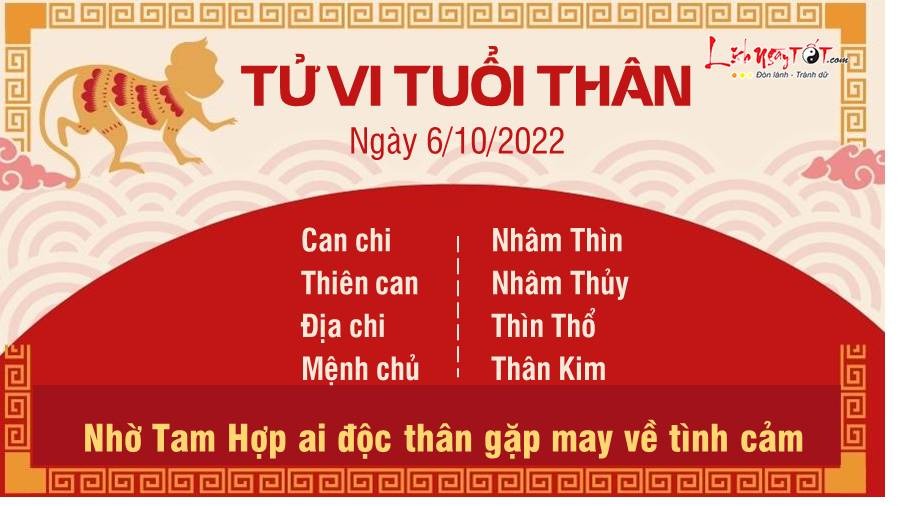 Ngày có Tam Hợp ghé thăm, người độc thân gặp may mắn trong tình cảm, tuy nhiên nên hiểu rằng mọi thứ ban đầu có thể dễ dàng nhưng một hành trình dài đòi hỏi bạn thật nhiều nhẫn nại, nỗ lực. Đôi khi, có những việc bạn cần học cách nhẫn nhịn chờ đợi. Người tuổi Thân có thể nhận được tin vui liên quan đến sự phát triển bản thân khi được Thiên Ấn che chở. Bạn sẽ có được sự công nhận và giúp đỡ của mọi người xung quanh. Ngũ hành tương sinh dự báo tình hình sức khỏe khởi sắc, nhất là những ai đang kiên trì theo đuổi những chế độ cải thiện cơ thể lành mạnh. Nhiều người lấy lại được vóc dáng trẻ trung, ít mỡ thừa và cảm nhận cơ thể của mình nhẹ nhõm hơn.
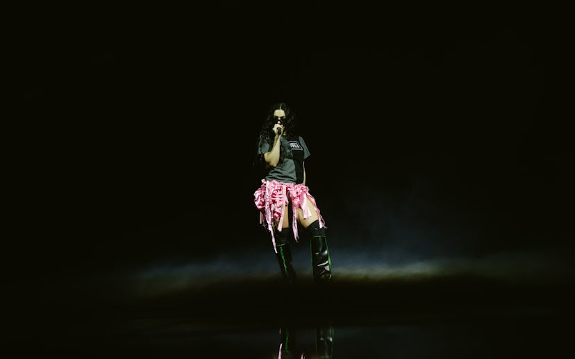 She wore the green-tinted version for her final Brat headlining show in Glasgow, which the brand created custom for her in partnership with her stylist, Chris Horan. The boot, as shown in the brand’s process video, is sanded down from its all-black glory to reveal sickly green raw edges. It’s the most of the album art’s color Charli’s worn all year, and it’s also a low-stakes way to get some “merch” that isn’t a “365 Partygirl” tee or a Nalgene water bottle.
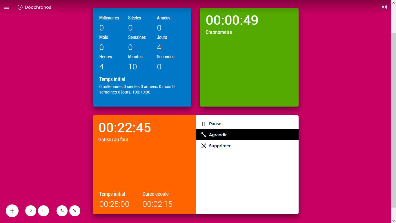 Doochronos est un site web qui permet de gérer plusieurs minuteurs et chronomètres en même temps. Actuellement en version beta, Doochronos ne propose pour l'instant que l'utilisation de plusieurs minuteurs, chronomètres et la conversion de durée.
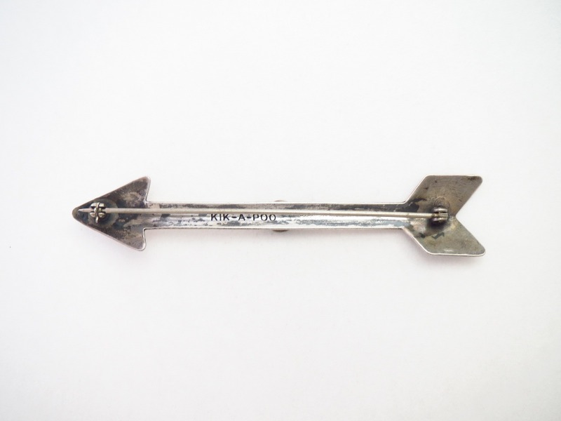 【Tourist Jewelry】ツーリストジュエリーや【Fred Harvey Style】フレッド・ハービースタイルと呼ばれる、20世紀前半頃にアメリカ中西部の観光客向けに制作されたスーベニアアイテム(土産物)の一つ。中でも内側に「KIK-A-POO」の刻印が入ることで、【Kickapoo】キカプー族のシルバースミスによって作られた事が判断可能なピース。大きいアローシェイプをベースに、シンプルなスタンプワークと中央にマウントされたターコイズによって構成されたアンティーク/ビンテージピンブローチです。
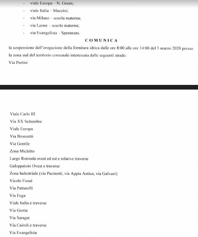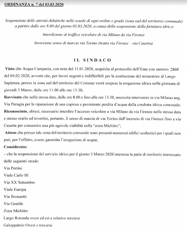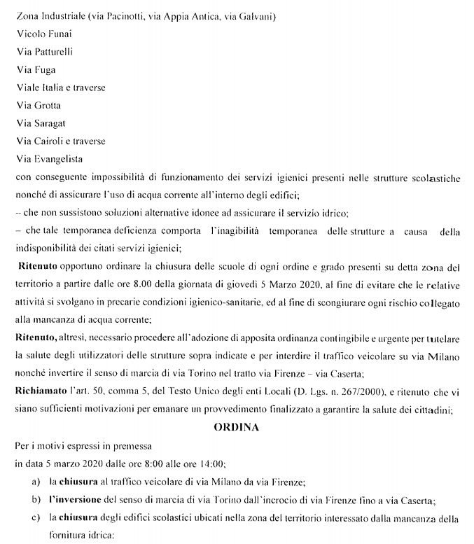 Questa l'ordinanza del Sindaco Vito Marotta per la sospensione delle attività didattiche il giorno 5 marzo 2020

--

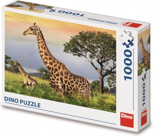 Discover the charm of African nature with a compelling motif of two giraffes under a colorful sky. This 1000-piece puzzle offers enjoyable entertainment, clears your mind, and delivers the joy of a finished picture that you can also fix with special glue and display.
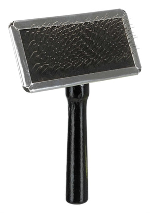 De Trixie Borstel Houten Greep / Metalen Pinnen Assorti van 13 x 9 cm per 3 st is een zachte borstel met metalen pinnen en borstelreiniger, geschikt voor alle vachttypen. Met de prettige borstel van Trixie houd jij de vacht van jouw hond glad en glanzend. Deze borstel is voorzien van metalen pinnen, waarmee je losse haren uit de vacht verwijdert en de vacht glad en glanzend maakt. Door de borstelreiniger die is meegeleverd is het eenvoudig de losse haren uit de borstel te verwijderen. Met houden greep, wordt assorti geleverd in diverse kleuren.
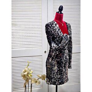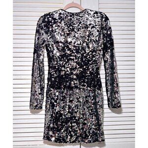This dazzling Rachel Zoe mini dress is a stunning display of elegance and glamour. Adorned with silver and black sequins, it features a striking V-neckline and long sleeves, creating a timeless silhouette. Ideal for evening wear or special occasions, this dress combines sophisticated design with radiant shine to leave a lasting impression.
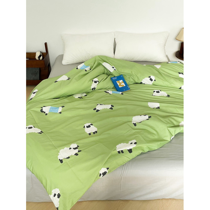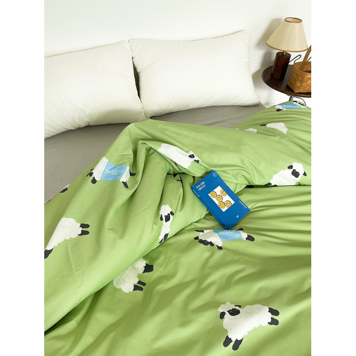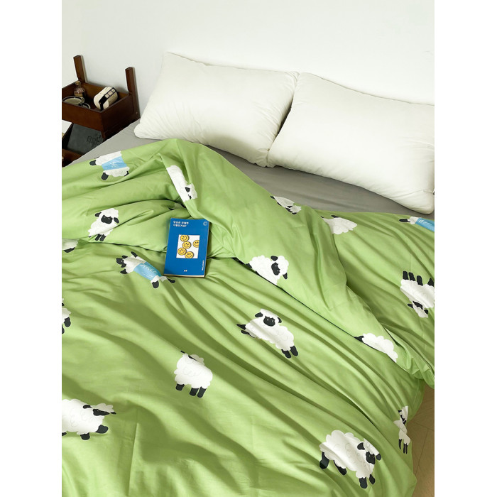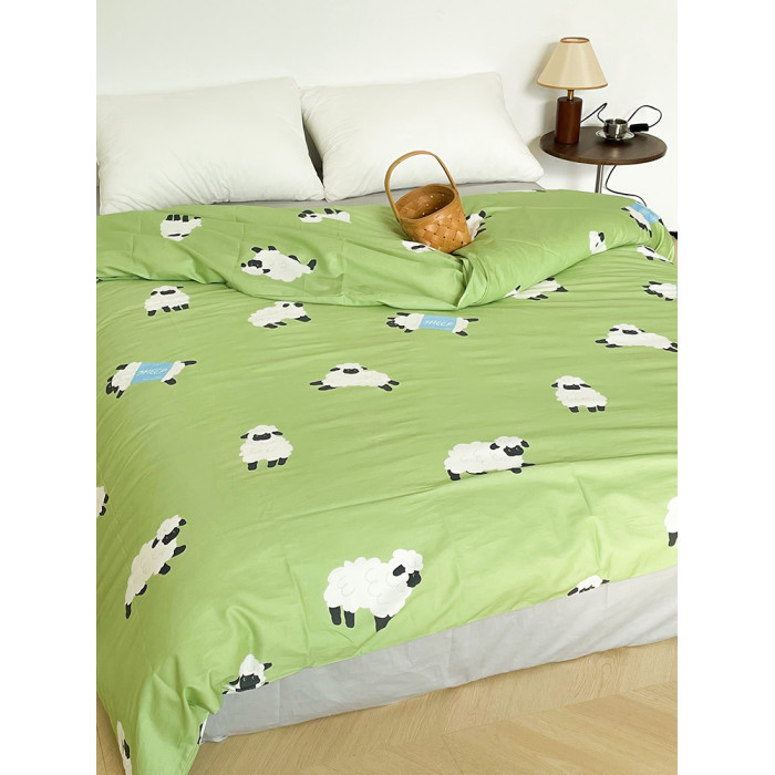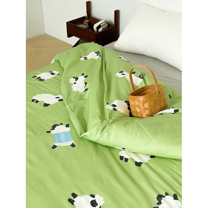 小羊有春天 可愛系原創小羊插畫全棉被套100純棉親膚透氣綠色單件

§ Problem:
Copy nothing but the lines above that run from the one with "Doochronos est un" to the one with "Questa l'ordinanza del", ends included; pictures stay out.

§ Answer section:
 Doochronos est un site web qui permet de gérer plusieurs minuteurs et chronomètres en même temps. Actuellement en version beta, Doochronos ne propose pour l'instant que l'utilisation de plusieurs minuteurs, chronomètres et la conversion de durée.
 【Tourist Jewelry】ツーリストジュエリーや【Fred Harvey Style】フレッド・ハービースタイルと呼ばれる、20世紀前半頃にアメリカ中西部の観光客向けに制作されたスーベニアアイテム(土産物)の一つ。中でも内側に「KIK-A-POO」の刻印が入ることで、【Kickapoo】キカプー族のシルバースミスによって作られた事が判断可能なピース。大きいアローシェイプをベースに、シンプルなスタンプワークと中央にマウントされたターコイズによって構成されたアンティーク/ビンテージピンブローチです。
 Questa l'ordinanza del Sindaco Vito Marotta per la sospensione delle attività didattiche il giorno 5 marzo 2020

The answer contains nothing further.